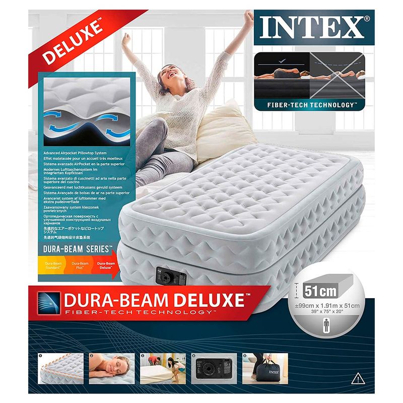 ¿Tienes invitados en casa con frecuencia? ¿Tus hijos suelen traer amigos a dormir? ¿En las fiestas navideñas siempre se queda algún familiar a pasar unos días? Sea cual sea el motivo por el que necesites una cama supletoria, deja de preocuparte porque una habitación de invitados te quita mucho sitio en casa. Tener una cama hinchable a mano siempre es una buena opción. Por eso, en INTEX encontrarás una amplia variedad de camas hinchables con diferentes características pensadas para adaptarse a tus necesidades y mejorar tu descanso y el de tus invitados cuando necesites una cama adicional temporalmente. Todos las camas están fabricadas con construcción interior Fiber-Tech, la tecnología exclusiva de INTEX que consigue que los colchones sean más estables, firmes y cómodos, ajustándose perfectamente a la anatomía de quien los usa. Además, se someten a estrictos controles de calidad, como al Test Air Lock, que garantiza una calidad y resistencia superior. Con las camas de aire INTEX podrás disponer de una cama siempre que lo necesites, pero no tendrás por qué perder espacio en tu vivienda con una habitación dedicada a los invitados. Simplemente, cuando la necesites solo tendrás que sacarla de la caja, colocarla donde quieras e inflarla. ¡Así de fácil!
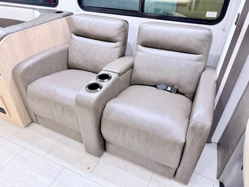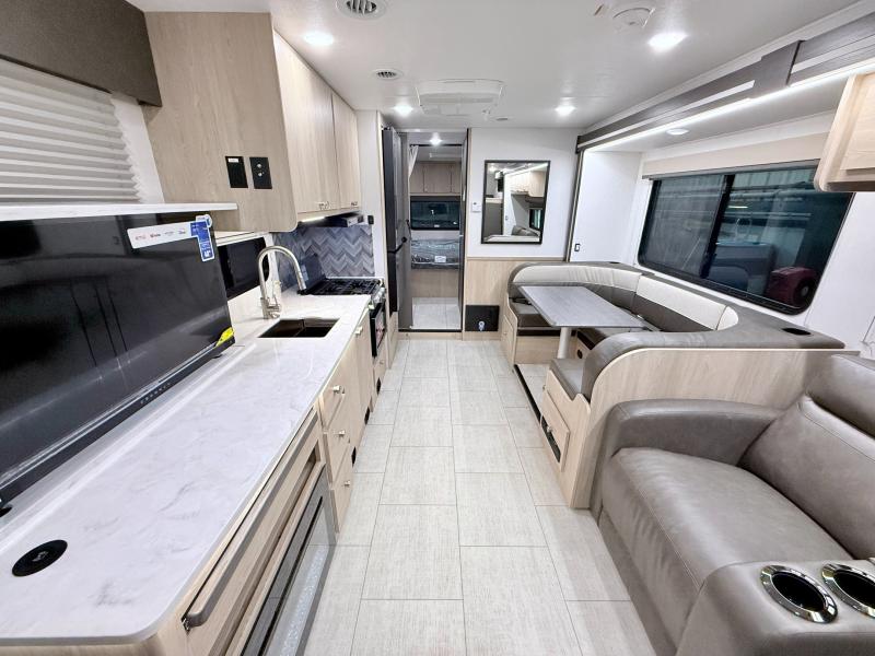 With each Leprechaun Class C gas motorhome by Coachmen you will enjoy "better" interior appointments, like the residential-sized beds, on-demand tankless water heater, and 15,000 BTU A/C. A dash radio and a backup monitor will let you easily navigate the open road like pro. There are also pleated night shades inside, along with premium vinyl flooring, a shower skylight, and USB charging ports to name a few comforts and conveniences. The Leprechaun is constructed with composite sidewall and cabover floor construction plus a seamless one-piece roof material for a durable motorhome made to last.
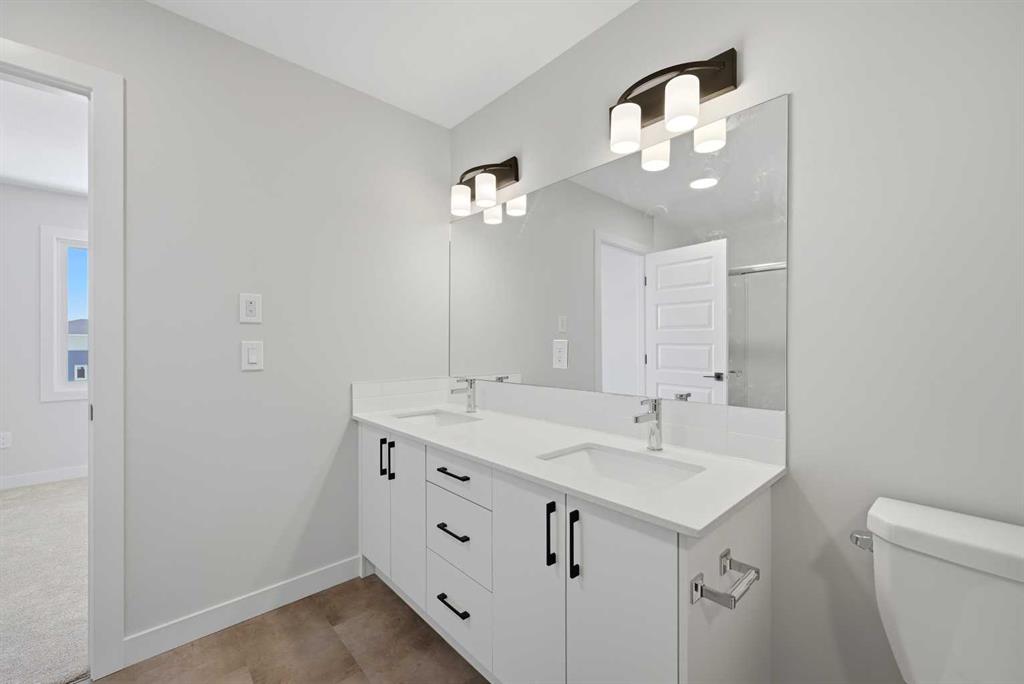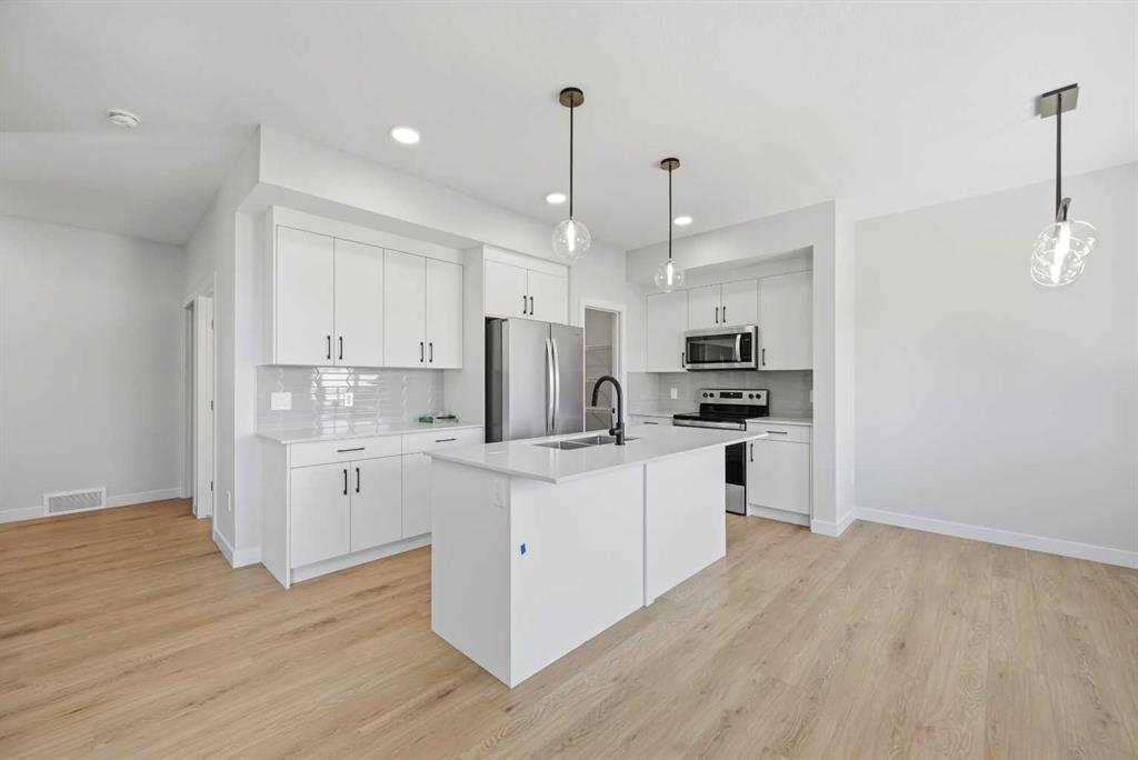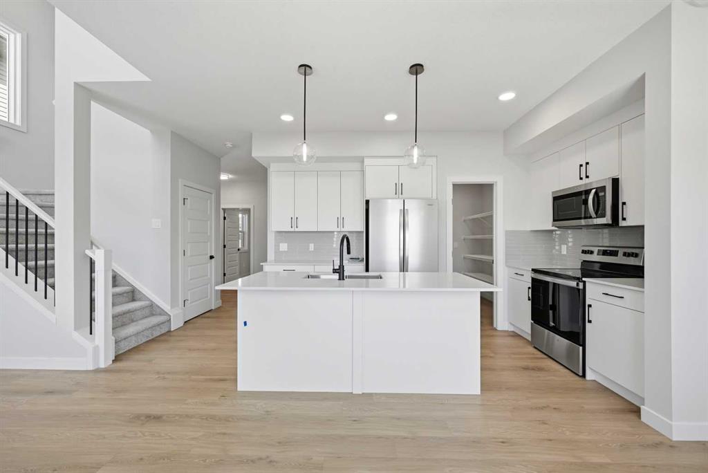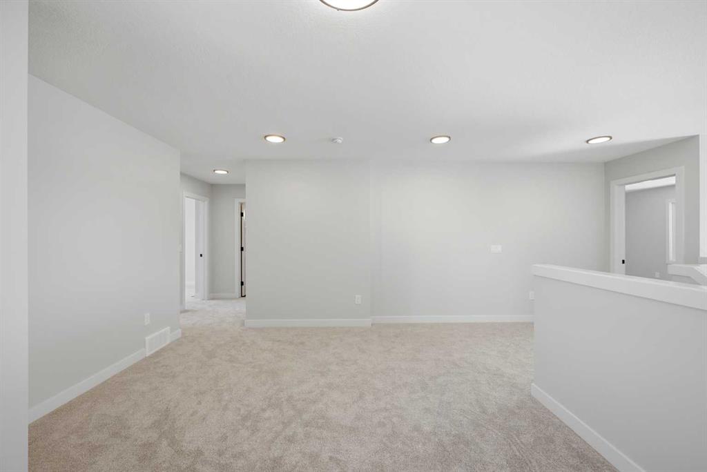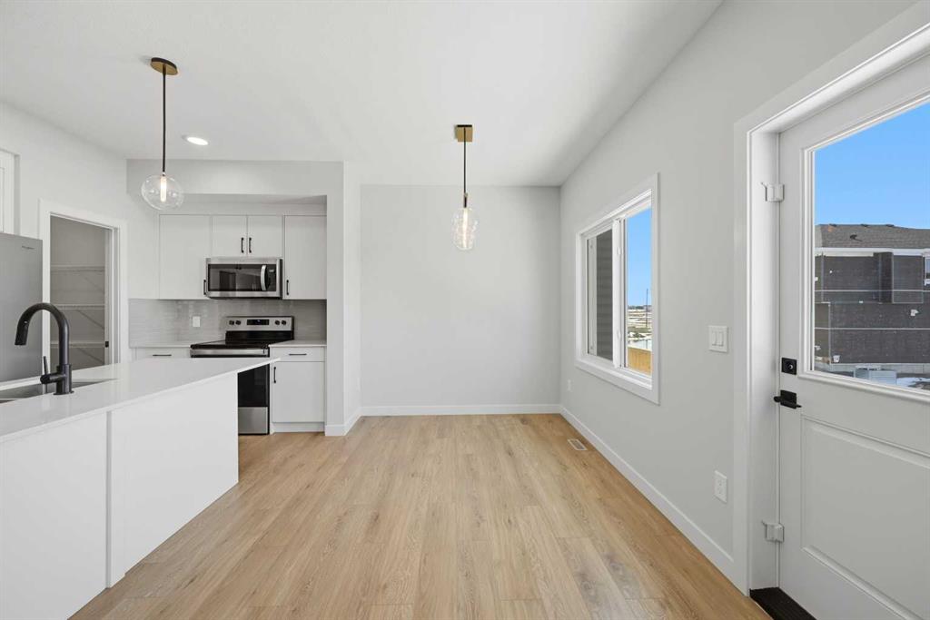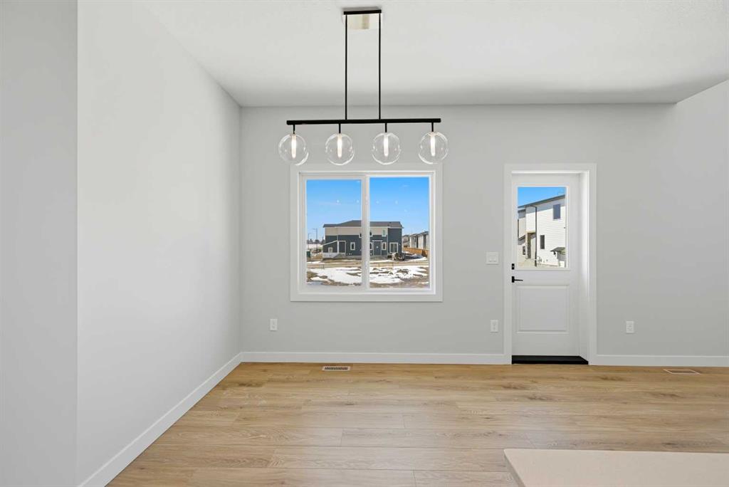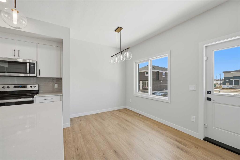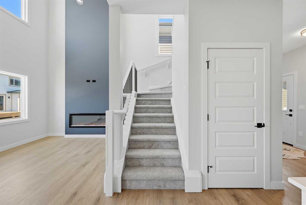 YOUR SEARCH ENDS HERE - HARD TO FIND THIS SIZE OF FRONT GARAGE SEMI-DETACHED IN CHESTERMERE AT THIS PRICE WITH FEATURES LIKE OPEN TO ABOVE, WALKOUT BASEMENT WITH DECK, MAIN FLOOR FULL BED & BATH and much more! Welcome to your new home in Waterford! Experience modern elegance in this sprawling almost 2000 Sq. Ft. home, thoughtfully designed with the modern family in mind. The main floor invites you in with a seamless open layout, highlighted by a STUNNING "OPEN TO ABOVE" LIVING ROOM featuring a custom accent wall and a sleek electric fireplace. Designed for ultimate versatility, the main level comes with hard to find FULL BEDROOM AND BATHROOM WITH A STANDING SHOWER—perfect for elderly parents, guests, or a quiet home office. The chef-inspired L-SHAPED KITCHEN BOASTS A WALKTHROUGH PANTRY leading to a highly functional mudroom. The decent sized 19X10 Ft. deck comes with a BBQ gas line and provides a perfect space for summer gatherings and a morning coffee. Upstairs, discover a spacious bonus room bathed in natural light from the open-to-above, a convenient laundry room, and three generous sized bedrooms. The primary bedroom features a DOUBLE VANITY ENSUITE, much needed walk-in shower, and a spacious walk-in closet. The unfinished BRIGHT WALKOUT BASEMENT is prepared for future development, FEATURING A SEPARATE REAR ENTRY, EXTENDED 9 FT. HEIGHT, 2 DECENT SIZED REAR WINDOWS, and a mechanical room tucked away to maximize floor space. Situated on the southwest edge of Chestermere, Waterford offers a peaceful "Lake City" lifestyle with a quick commute to Calgary via easy access to Glenmore Trail and 17th Ave. You are a few minutes away from Rainbow Creek Elementary and Chestermere Lake Middle School, as well as local groceries and popular restaurants. Move-in ready and just minutes from the water—your lakeside retreat awaits! View the 3D tour and book your showing today.

# [Task goal]
Retype all of the material above exactly; the pictures stay out.

# [Your response]
 ¿Tienes invitados en casa con frecuencia? ¿Tus hijos suelen traer amigos a dormir? ¿En las fiestas navideñas siempre se queda algún familiar a pasar unos días? Sea cual sea el motivo por el que necesites una cama supletoria, deja de preocuparte porque una habitación de invitados te quita mucho sitio en casa. Tener una cama hinchable a mano siempre es una buena opción. Por eso, en INTEX encontrarás una amplia variedad de camas hinchables con diferentes características pensadas para adaptarse a tus necesidades y mejorar tu descanso y el de tus invitados cuando necesites una cama adicional temporalmente. Todos las camas están fabricadas con construcción interior Fiber-Tech, la tecnología exclusiva de INTEX que consigue que los colchones sean más estables, firmes y cómodos, ajustándose perfectamente a la anatomía de quien los usa. Además, se someten a estrictos controles de calidad, como al Test Air Lock, que garantiza una calidad y resistencia superior. Con las camas de aire INTEX podrás disponer de una cama siempre que lo necesites, pero no tendrás por qué perder espacio en tu vivienda con una habitación dedicada a los invitados. Simplemente, cuando la necesites solo tendrás que sacarla de la caja, colocarla donde quieras e inflarla. ¡Así de fácil!
 With each Leprechaun Class C gas motorhome by Coachmen you will enjoy "better" interior appointments, like the residential-sized beds, on-demand tankless water heater, and 15,000 BTU A/C. A dash radio and a backup monitor will let you easily navigate the open road like pro. There are also pleated night shades inside, along with premium vinyl flooring, a shower skylight, and USB charging ports to name a few comforts and conveniences. The Leprechaun is constructed with composite sidewall and cabover floor construction plus a seamless one-piece roof material for a durable motorhome made to last.
 YOUR SEARCH ENDS HERE - HARD TO FIND THIS SIZE OF FRONT GARAGE SEMI-DETACHED IN CHESTERMERE AT THIS PRICE WITH FEATURES LIKE OPEN TO ABOVE, WALKOUT BASEMENT WITH DECK, MAIN FLOOR FULL BED & BATH and much more! Welcome to your new home in Waterford! Experience modern elegance in this sprawling almost 2000 Sq. Ft. home, thoughtfully designed with the modern family in mind. The main floor invites you in with a seamless open layout, highlighted by a STUNNING "OPEN TO ABOVE" LIVING ROOM featuring a custom accent wall and a sleek electric fireplace. Designed for ultimate versatility, the main level comes with hard to find FULL BEDROOM AND BATHROOM WITH A STANDING SHOWER—perfect for elderly parents, guests, or a quiet home office. The chef-inspired L-SHAPED KITCHEN BOASTS A WALKTHROUGH PANTRY leading to a highly functional mudroom. The decent sized 19X10 Ft. deck comes with a BBQ gas line and provides a perfect space for summer gatherings and a morning coffee. Upstairs, discover a spacious bonus room bathed in natural light from the open-to-above, a convenient laundry room, and three generous sized bedrooms. The primary bedroom features a DOUBLE VANITY ENSUITE, much needed walk-in shower, and a spacious walk-in closet. The unfinished BRIGHT WALKOUT BASEMENT is prepared for future development, FEATURING A SEPARATE REAR ENTRY, EXTENDED 9 FT. HEIGHT, 2 DECENT SIZED REAR WINDOWS, and a mechanical room tucked away to maximize floor space. Situated on the southwest edge of Chestermere, Waterford offers a peaceful "Lake City" lifestyle with a quick commute to Calgary via easy access to Glenmore Trail and 17th Ave. You are a few minutes away from Rainbow Creek Elementary and Chestermere Lake Middle School, as well as local groceries and popular restaurants. Move-in ready and just minutes from the water—your lakeside retreat awaits! View the 3D tour and book your showing today.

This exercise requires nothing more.